_BRIEF_: Set down precisely the lines from the line with "ホメロスから考古学までをつな" through the end of the material, inclusive, and no pictures.
*** DATA ***
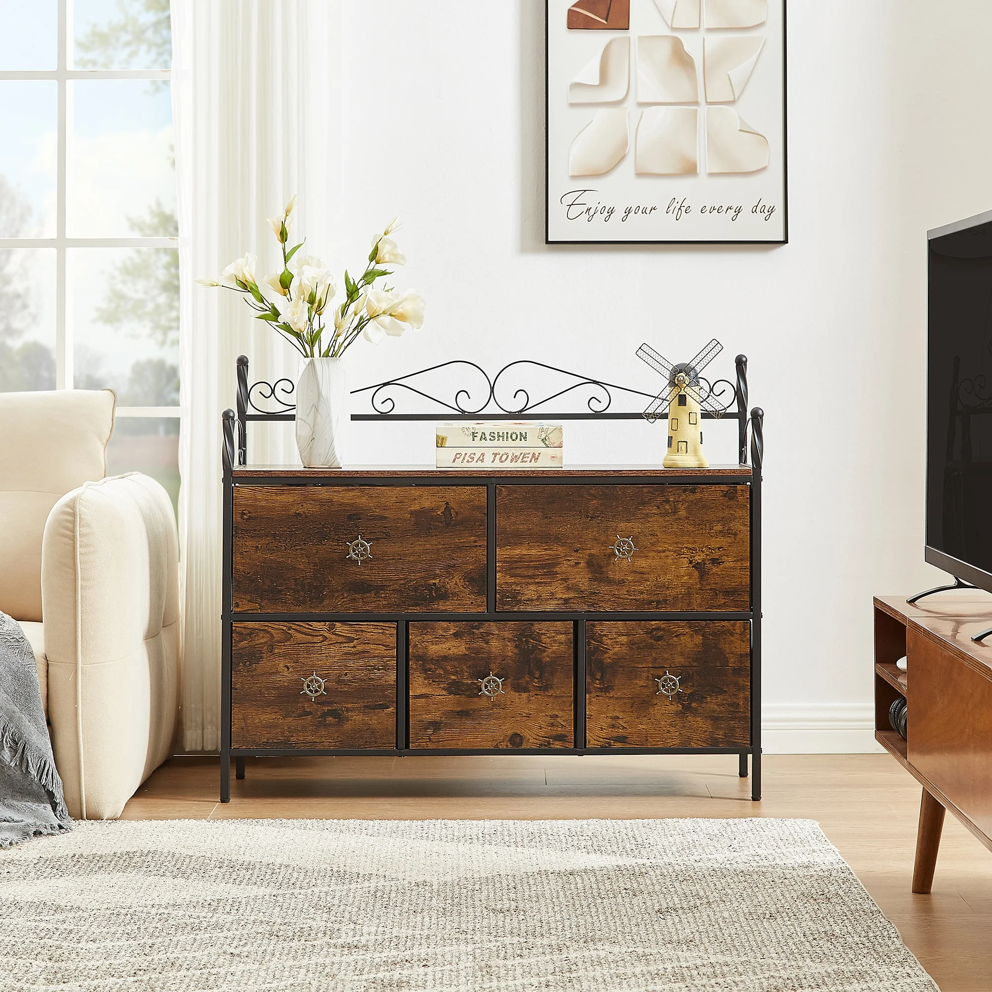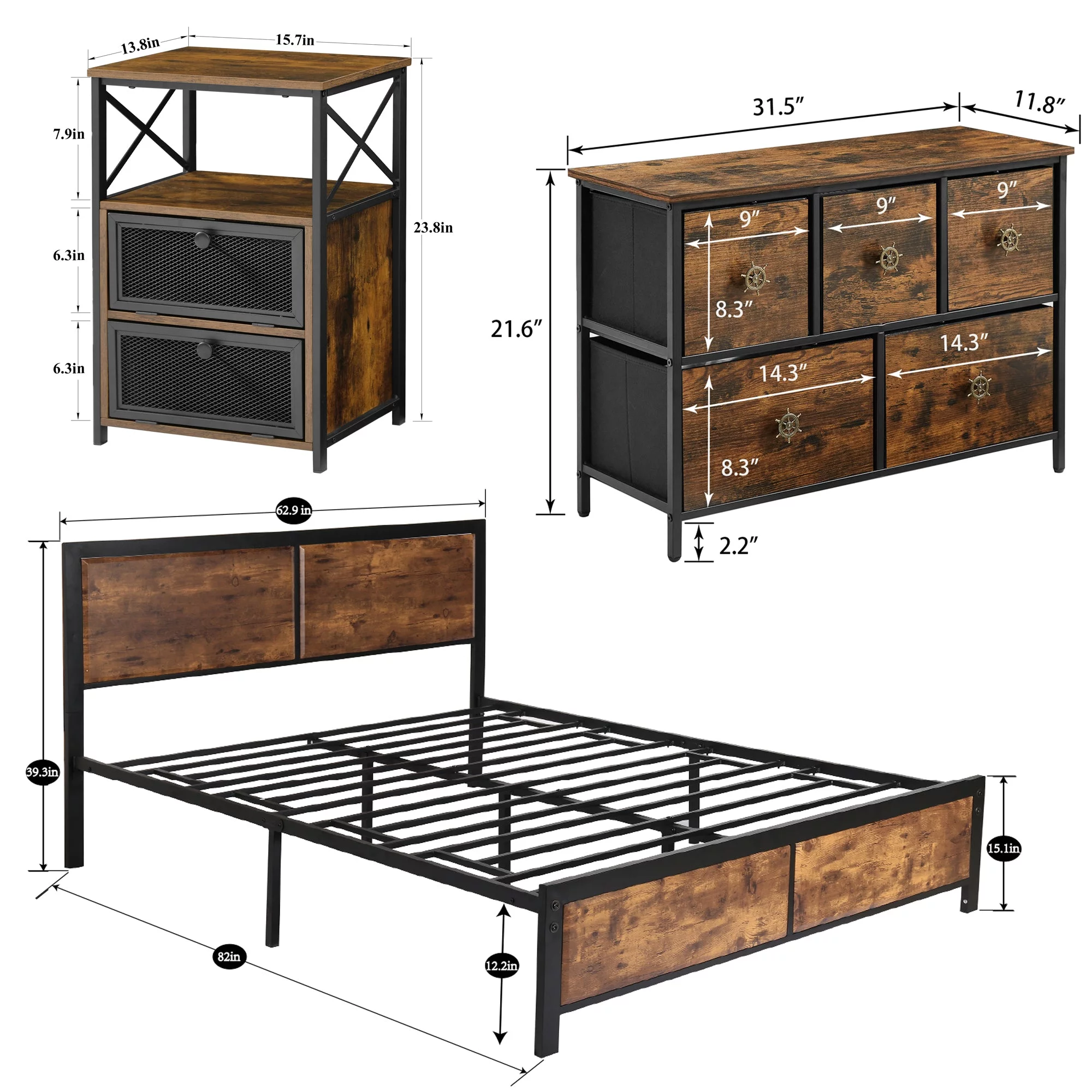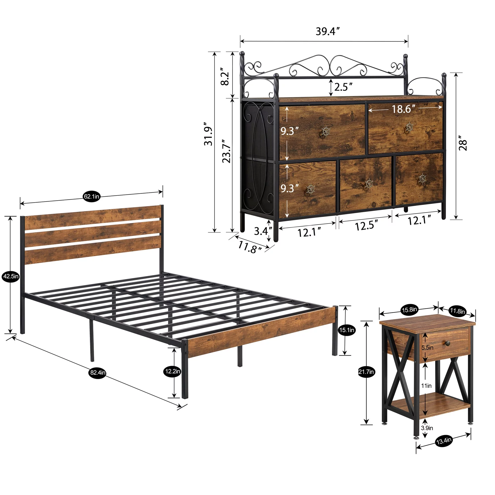 VECELO Juego de Dormitorio Tamaño Queen de 4 Piezas con Armazón de Cama, Tocador de 5 Cajones y Dos Mesitas de Noche, Marrón
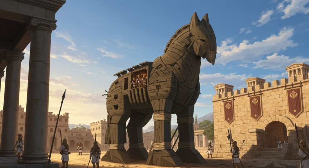 ホメロスから考古学までをつなぎ、トロイの木馬がどう語り継がれてきたかをやさしくたどります。物語の流れや主要人物、神々の関与をわかりやすく整理して紹介します。遺跡発掘や美術・文化への影響、現代での使われ方まで触れ、読み終えると全体像がつかめます。
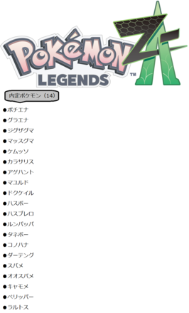 == 『Pokémon LEGENDS Z-A』【ポケモン】 == 内定ポケモン(14)
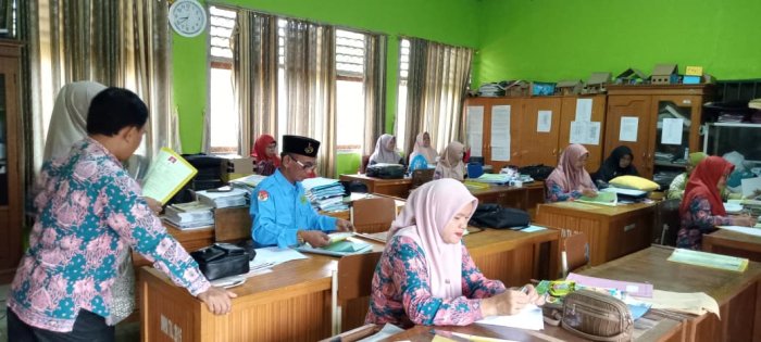 Selain itu, dokumen seperti S25, S35, dan S26 dari Aplikasi Emis GTK belum dapat diakses karena sistem masih dalam perbaikan. Oleh karena itu, untuk pencairan bulan Januari, hanya berkas yang tersedia yang dikumpulkan terlebih dahulu. Seluruh dewan guru menunjukkan semangat tinggi dalam menyelesaikan pemberkasan agar proses pencairan TPG dapat segera dilakukan. Kerja sama antara guru dan staf TU menjadi kunci kelancaran kegiatan ini. Pada hari yang sama, berkas-berkas tersebut dijadwalkan akan dibawa dan diserahkan ke kantor Kemenag Tebo oleh salah satu dewan guru, Bapak Sri Budiyono, S.Pd.I.
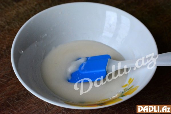 Keksin üzəri üçün şəkər pudrasını su ilə qarışdırırıq, çalışmaq laızmdır ki, suyu çay qaşığı ilə əlavə edilsin.
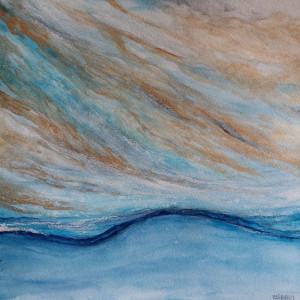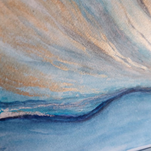 Pejzaż ze złotem -akwarela formatu 25/25 cm
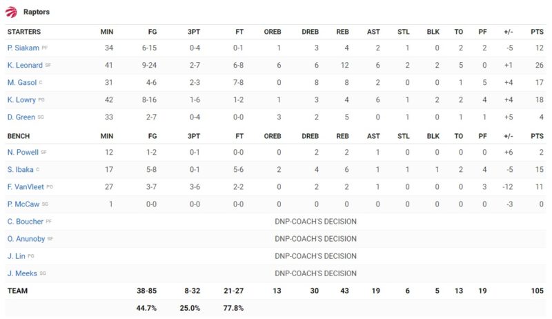 Από την πλευρά των Ράπτορς, ο Καουάι Λέοναρντ ήταν για ένα ακόμα παιχνίδι εξαιρετικός (26 πόντους, 12 ριμπάουντ), με τους Λόουρι και Γκασόλ να ακολουθούν έχοντας 18 και 17 πόντους αντίστοιχα.
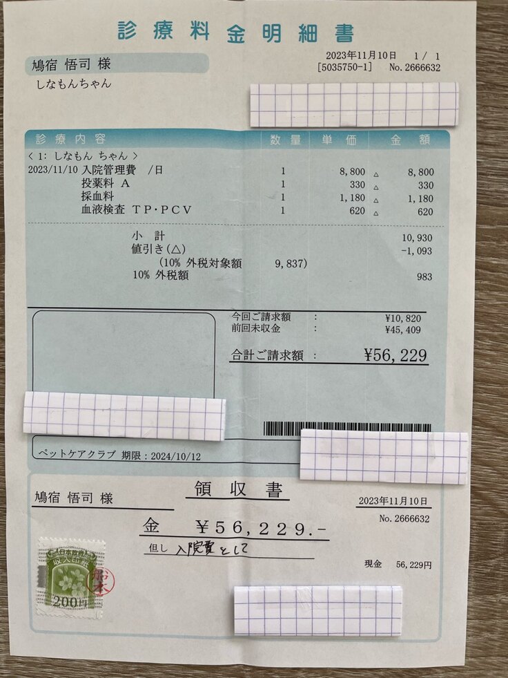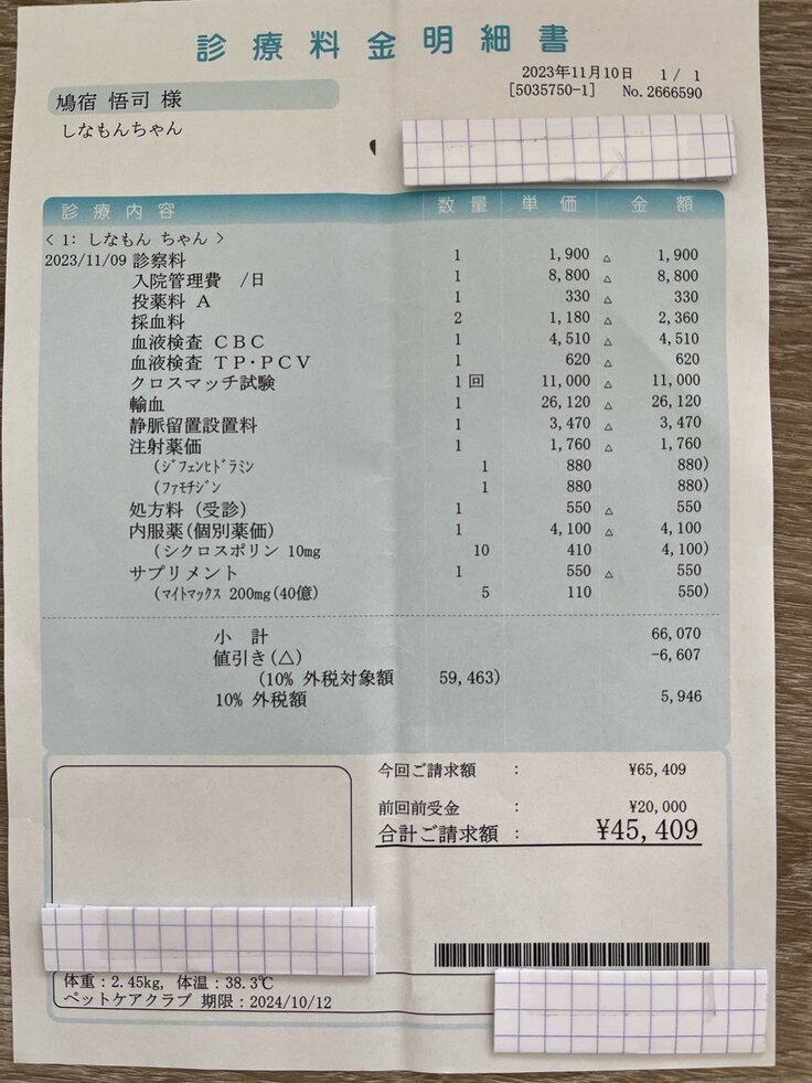 ・2日分の入院費・3回分の採血代・2回の血液検査代(貧血の数値のみの測定)
***
_OUTPUT OF THE EXERCISE_:
 ホメロスから考古学までをつなぎ、トロイの木馬がどう語り継がれてきたかをやさしくたどります。物語の流れや主要人物、神々の関与をわかりやすく整理して紹介します。遺跡発掘や美術・文化への影響、現代での使われ方まで触れ、読み終えると全体像がつかめます。
 == 『Pokémon LEGENDS Z-A』【ポケモン】 == 内定ポケモン(14)
 Selain itu, dokumen seperti S25, S35, dan S26 dari Aplikasi Emis GTK belum dapat diakses karena sistem masih dalam perbaikan. Oleh karena itu, untuk pencairan bulan Januari, hanya berkas yang tersedia yang dikumpulkan terlebih dahulu. Seluruh dewan guru menunjukkan semangat tinggi dalam menyelesaikan pemberkasan agar proses pencairan TPG dapat segera dilakukan. Kerja sama antara guru dan staf TU menjadi kunci kelancaran kegiatan ini. Pada hari yang sama, berkas-berkas tersebut dijadwalkan akan dibawa dan diserahkan ke kantor Kemenag Tebo oleh salah satu dewan guru, Bapak Sri Budiyono, S.Pd.I.
 Keksin üzəri üçün şəkər pudrasını su ilə qarışdırırıq, çalışmaq laızmdır ki, suyu çay qaşığı ilə əlavə edilsin.
 Pejzaż ze złotem -akwarela formatu 25/25 cm
 Από την πλευρά των Ράπτορς, ο Καουάι Λέοναρντ ήταν για ένα ακόμα παιχνίδι εξαιρετικός (26 πόντους, 12 ριμπάουντ), με τους Λόουρι και Γκασόλ να ακολουθούν έχοντας 18 και 17 πόντους αντίστοιχα.
 ・2日分の入院費・3回分の採血代・2回の血液検査代(貧血の数値のみの測定)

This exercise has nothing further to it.